FreeLanguageTools / vocabsieve

Simple sentence mining tool for language learning
GNU General Public License v3.0
374 stars 29 forks source link

Forvo cloud stopped working 10 hours ago #146

Open voothi opened 6 months ago

voothi commented 6 months ago

Describe the bug Hello! Forvo cloud stopped working 10 hours ago. I tried version 0.11.1 and 0.12.0. I also tried through different internet connections.

To Reproduce Steps to reproduce the behavior: In GUI VocabSieve 0.11.1 / 0.12.0 under Windows 11. In mode General / Target language = German I connect Forvo to Configure / Sources / Pronunciation sources / Enabled pronunciation sources / Forvo. Checking the settings Lemmatization policy for pronunciation = Try lemma first, otherwise original I make Lookup words from the captured sentence. The word is not reproduced. The forvo/... file below is not displayed. Only local audio files from local audio libraries are displayed.

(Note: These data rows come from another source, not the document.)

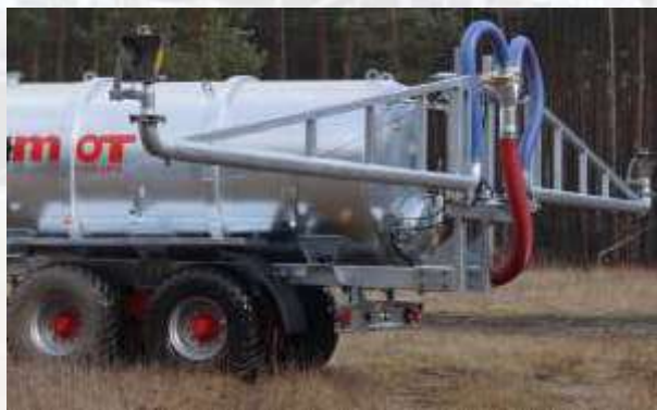
ROZLEWACZ DUPLEX szerokość robocza od 20 do 30 m
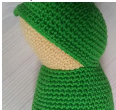
Фото 11 и 12
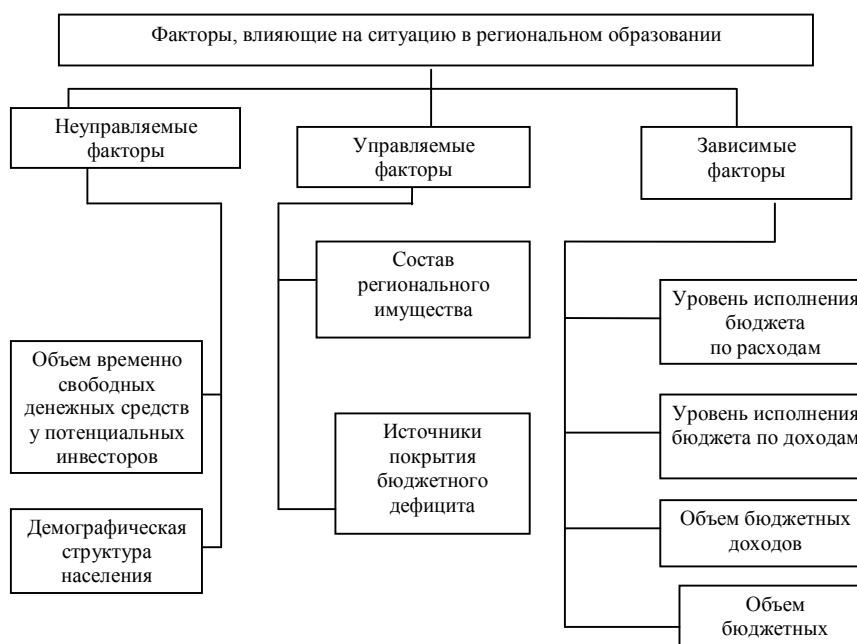
Рис. 2. Классификация факторов, влияющих на ситуацию в региональном образовании (в зависимости от возможности воздействия на них региональных и муниципальных образований)
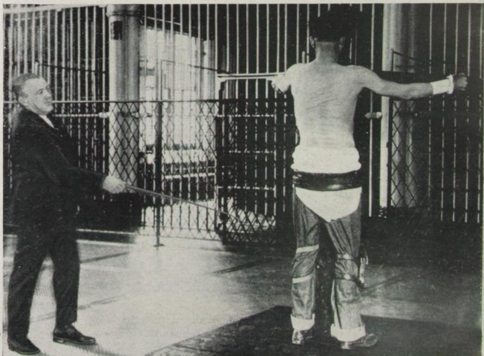
Oeffentliche Auspeitschung eines Ehebrechers in den Vereinigten Staaten

Die sausende Zeit schleppt rudimentäre Begriffe und Einrichtungen mit sich durch die Jahrhunderte. Das finstere Mittelalter spukt noch im 20. Jahrhundert. Ueberlieferungen haben sich in Volksgebräuchen und Einrichtungen so festgebissen, daß eine Aenderung nur mit einer Wandlung des Volkscharakters verknüpft sein kann. Der Aberglaube, der sich vielseitig mit modernen
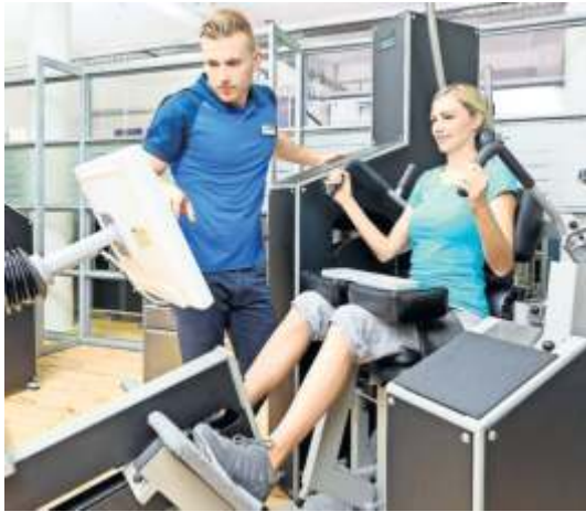
Um die Tiefenmuskulatur effizient zu kräftigen, setzt Kieser Training die Lumbar-Extension-Maschine ein.

Effizient Muskeln trainieren und Kraft aufbauen – dafür steht Kieser Training seit 56 Jahren. Das Unternehmen gilt als Pionier im gesundheitsorientierten Krafttraining für den Rücken und den ganzen Körper. Gegenwärtig umfasst die Gruppe über 150 Studios in Australien, Deutschland, Österreich, Luxemburg und der Schweiz. Ein integraler Bestandteil von Kieser Training sind spezialisierte, nach aktuellen medizinischen Erkenntnissen entwickelte Maschinen. Wie sehr sie
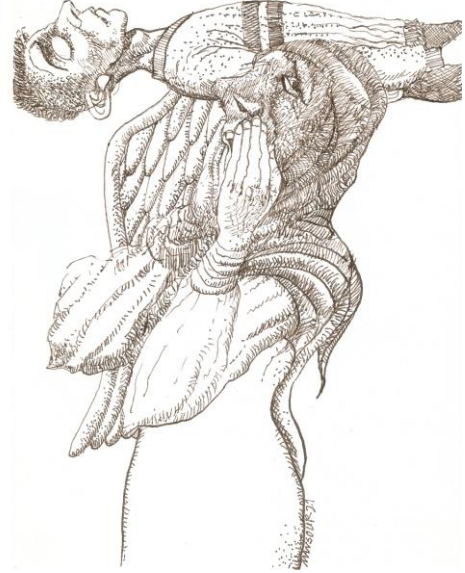
** شهيد ثورة تشرين - منصور البكري

الفنان التشكيلي المبدع منصور البكري يصور لنا المشهد.
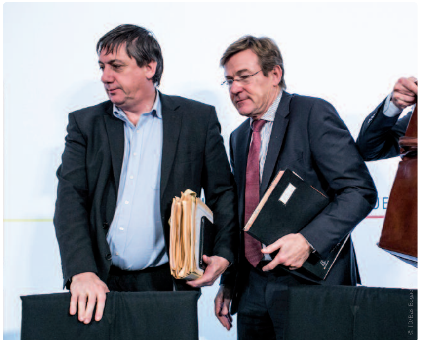
Vice-eerste minister Jan Jambon en minister van Financiën Johan Van Overtveldt gooiden hun gewicht in de schaal om tot een goed sociaal akkoord te komen.

Jan Jambon: “Dat is echt niet terecht. De welvaartsenveloppe - alleen al dit jaar een bedrag van meer dan 300 miljoen euro - is voor de volle honderd procent toegekend aan de laagste sociale uitkeringen. Daarmee zijn we zelfs socialer dan de regering-Di Rupo. Het verschil is dat wij hulp voorzien voor de mensen die het echt nodig hebben, zoals gepensioneerden en mensen met een beperking. De laagste uitkeringen gaan met twee procent de hoogte in. Ik denk dus dat we van niemand lessen in sociaal beleid te ontvangen hebben.”
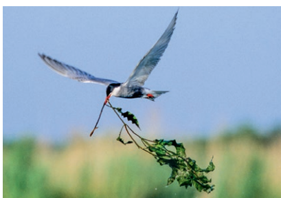
Guifette moustac sur l'étang de la Sous

> Les différents types d'affûts : affûts fixes, affûts mobiles, affûts enterrés, affûts « cage » (dans les arbres), affûts depuis un véhicule. Choix des téléobjectifs : démonstration avec 500 mm f/4, trépieds, monopodes et rotules (Wimberley, Novoflex et Gitzo). Cours sur les techniques d'affût pratiquées selon les espèces : mammifères ou oiseaux.

Expected behavior Audio file for selected German word:

Screenshots

image image

Logs

Desktop (please complete the following information):

Additional context Telegram thread: Hello! Forvo stopped working 10 hours ago. I tried version 0.11.1 and 0.12.0.

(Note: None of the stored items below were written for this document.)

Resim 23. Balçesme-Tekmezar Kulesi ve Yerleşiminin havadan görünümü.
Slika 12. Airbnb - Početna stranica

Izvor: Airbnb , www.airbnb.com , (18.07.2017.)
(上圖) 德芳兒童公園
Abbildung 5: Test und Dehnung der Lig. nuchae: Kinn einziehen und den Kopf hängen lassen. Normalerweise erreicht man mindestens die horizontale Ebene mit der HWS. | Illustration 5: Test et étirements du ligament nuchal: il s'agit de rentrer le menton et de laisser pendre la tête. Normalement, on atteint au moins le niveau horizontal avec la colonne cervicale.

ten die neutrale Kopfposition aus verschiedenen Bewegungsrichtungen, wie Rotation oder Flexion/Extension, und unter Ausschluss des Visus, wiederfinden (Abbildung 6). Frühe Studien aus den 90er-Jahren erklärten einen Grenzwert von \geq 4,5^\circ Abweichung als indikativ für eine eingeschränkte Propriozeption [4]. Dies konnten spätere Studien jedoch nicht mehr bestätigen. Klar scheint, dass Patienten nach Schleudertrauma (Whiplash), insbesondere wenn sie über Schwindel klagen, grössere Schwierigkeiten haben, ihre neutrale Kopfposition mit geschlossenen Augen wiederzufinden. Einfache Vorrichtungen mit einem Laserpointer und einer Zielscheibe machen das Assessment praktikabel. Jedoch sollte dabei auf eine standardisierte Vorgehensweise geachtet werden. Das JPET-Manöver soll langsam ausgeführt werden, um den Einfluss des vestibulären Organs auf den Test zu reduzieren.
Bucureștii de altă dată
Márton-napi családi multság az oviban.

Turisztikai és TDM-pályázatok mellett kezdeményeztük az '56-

1over137 commented 6 months ago

I assume they stepped up their anti scraping measures with Cloudflare, as reported elsewhere with similar projects:

https://github.com/Rascalov/Anki-Simple-Forvo-Audio/issues/31

https://github.com/Rascalov/Anki-Simple-Forvo-Audio/issues/29

In that case there is nothing I can do. Stick to downloaded stuff, probably. If this persists I'll remove the implementation. Maybe I'll look into fetching audio from wiktionary. I'm personally unwilling to do this, but if someone is willing to make a fancy proxy service somewhere like lingva, please let me know.

Rascalov commented 6 months ago

I assume they stepped up their anti scraping measures with Cloudflare, as reported elsewhere with similar projects:

It's an oddball. My extension seemed to work again after I visited the site once on my actual browser to do the Cloudflare Captcha. My guess is that it will whitelist IPs from the check once it's been gone through at least once. But then again, I have yet to hear from people if that actually worked for them as well.

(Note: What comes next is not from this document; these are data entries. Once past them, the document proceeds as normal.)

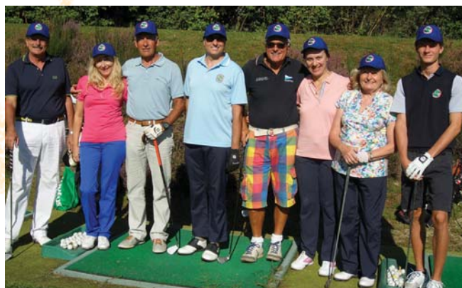
Gruppo della Golf Clinic con il maestro.
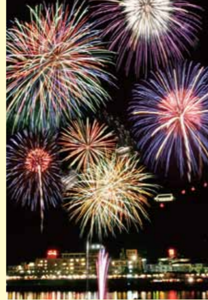
第88回 信州千曲市千曲川納涼煙火大会 8月7日 約1万発の花火が上がる、華麗な夏の祭典。
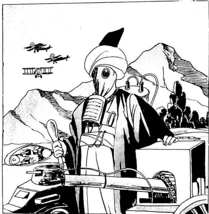
Molla Nəsrəddin həmişə hazırdır! ملا نصرالدین همیشه حاضرند!

...ملا نصرالدین، ملا، برتیا جوان، سید، دوزخ، غنیم ...ساز، دوزخ، وکی، نو، سینه، و اولماناتید.
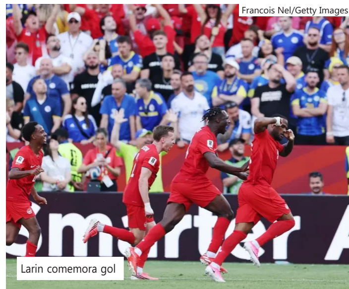
Larin comemora gol

Capitão e maior artilheiro da história da Bósnia, Dzeko levou o país à sua primeira Copa, em 2014, no Brasil, e é tratado como símbolo de união nacional no pós-guerra.
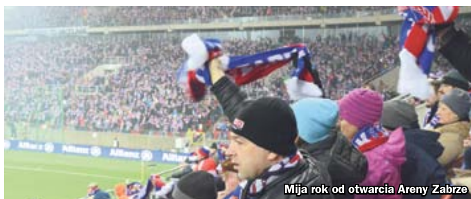
Mija rok od otwarcia Areny Zabrze

W lutym 2016 r. Wielkie Derby Śląska zobaczyło ponad 24 tysiące fanów Trójkolorowych. To pokazuje ogromny potencjał nie tylko Górnika Zabrze, ale też zabrzańskie sportu. 3 marca meczem z GKS-em Tychy zainaugurowana zostanie runda rewanżowa rozgrywek I ligi. Oprócz oferty karnetów i biletów klub przygotował specjalną propozycję „Rodzinne kibicowanie Trójkolorowym”. Szczegóły można znaleźć na stronie www.gornikzabrze.pl . (hm)

otomiruu commented 6 months ago

Я предполагаю, что они усилили свои меры по борьбе с парсингом с помощью Cloudflare, как сообщалось в других источниках о подобных проектах:

Это чудак. Мое расширение, похоже, снова заработало после того, как я однажды посетил сайт в своем браузере, чтобы ввести Cloudflare Captcha. Я предполагаю, что он внесет IP-адреса в белый список из проверки, как только она будет проверена хотя бы один раз. Но опять же, я еще не слышал от людей, сработало ли это и для них.

Сейчас зашел в Anki, и все заработало, на сайте Forvo не заходил, но если появится данная проблема еще раз, сделаю, как вы сказали. Еще раз спасибо за этот прекрасный аддон

Rascalov commented 6 months ago

Сейчас зашел в Anki, и все заработало, на сайте Forvo не заходил, но если появится данная проблема еще раз, сделаю, как вы сказали. Еще раз спасибо за этот прекрасный аддон

No problem! But I assume you wanted to send this reply in your own created issue 😅

1over137 commented 6 months ago

From what I see, they are still under Cloudflare reverse proxy. The DNS points to a cloudflare IP: http://104.20.253.20/. I assume they are testing this. Most likely they'll just block it again permanently, and then there won't be good solutions other than a full browser scraping script.

Rascalov commented 6 months ago

yeah, there are people (freemdict) that were already posting full site scrapes of audios. ~Can't say how recent these are though~ It's still being updated.